IN Volume Six of Charlotte Mason's Six volume series on education, Towards a Philosophy of Education, we may read the following:
"...the requirements of the mind are very much like those of the body... Both ...activity, variety, rest and, above all, food," says Charlotte Mason. She deplores the tendency to substitute activity for food when tending to the mind, or doing the work called education. Workbooks, word games, puzzles, fill in the blanks, multiple choice, logic puzzles, 'critical thinking,' these all have their place- but that place is output, the exercise of a well-fed mind! These activities are no replacement for the stuff that brains feed on- and that brain-stuff is ideas.
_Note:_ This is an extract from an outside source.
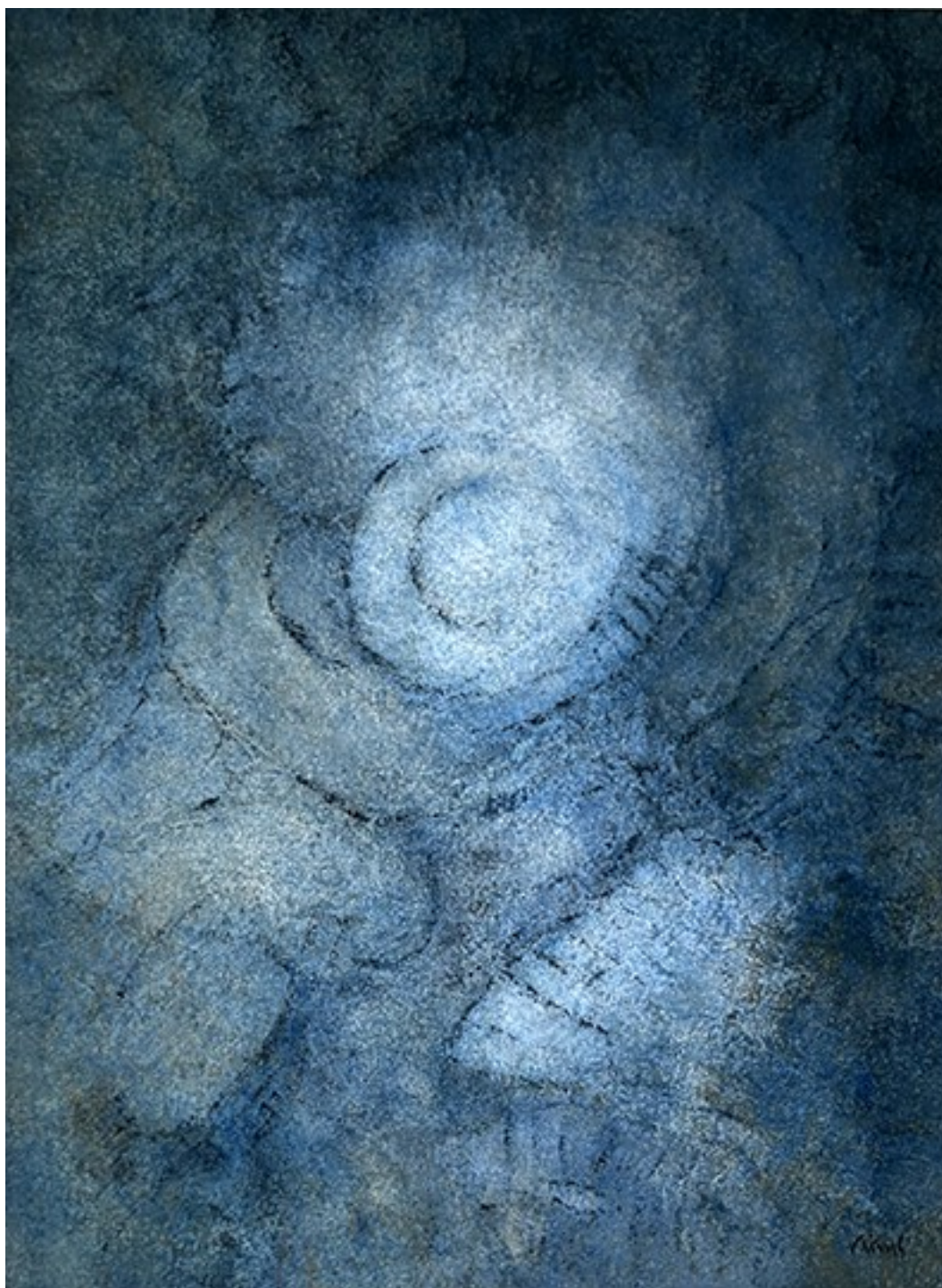
3. Απολίθωμα , 2020. Ακρυλικό σε καμβά, 60 × 45 εκ.

Miss Mason continues, "Now, potency, not property, is the characteristic of mind." That might seem a little confusing, so let's break it down. Potency is merely power or strength, and Miss Mason believed that all healthy minds already came naturally enabled to think about things. What children don't have is a wide range of experiences and perspective- intellectual property. The world is a huge place and they are but small, young, and inexperienced travelers. They are new to this place, and we are their tour guides by virtue of our longer experience. Books are also wonderful tour guides in this wide world of ideas. Through reading the great books they can meet with the minds of great thinkers from other times and places. We are priviliged to serve as matchmakers between the minds of our children and the great ideas found in the great books.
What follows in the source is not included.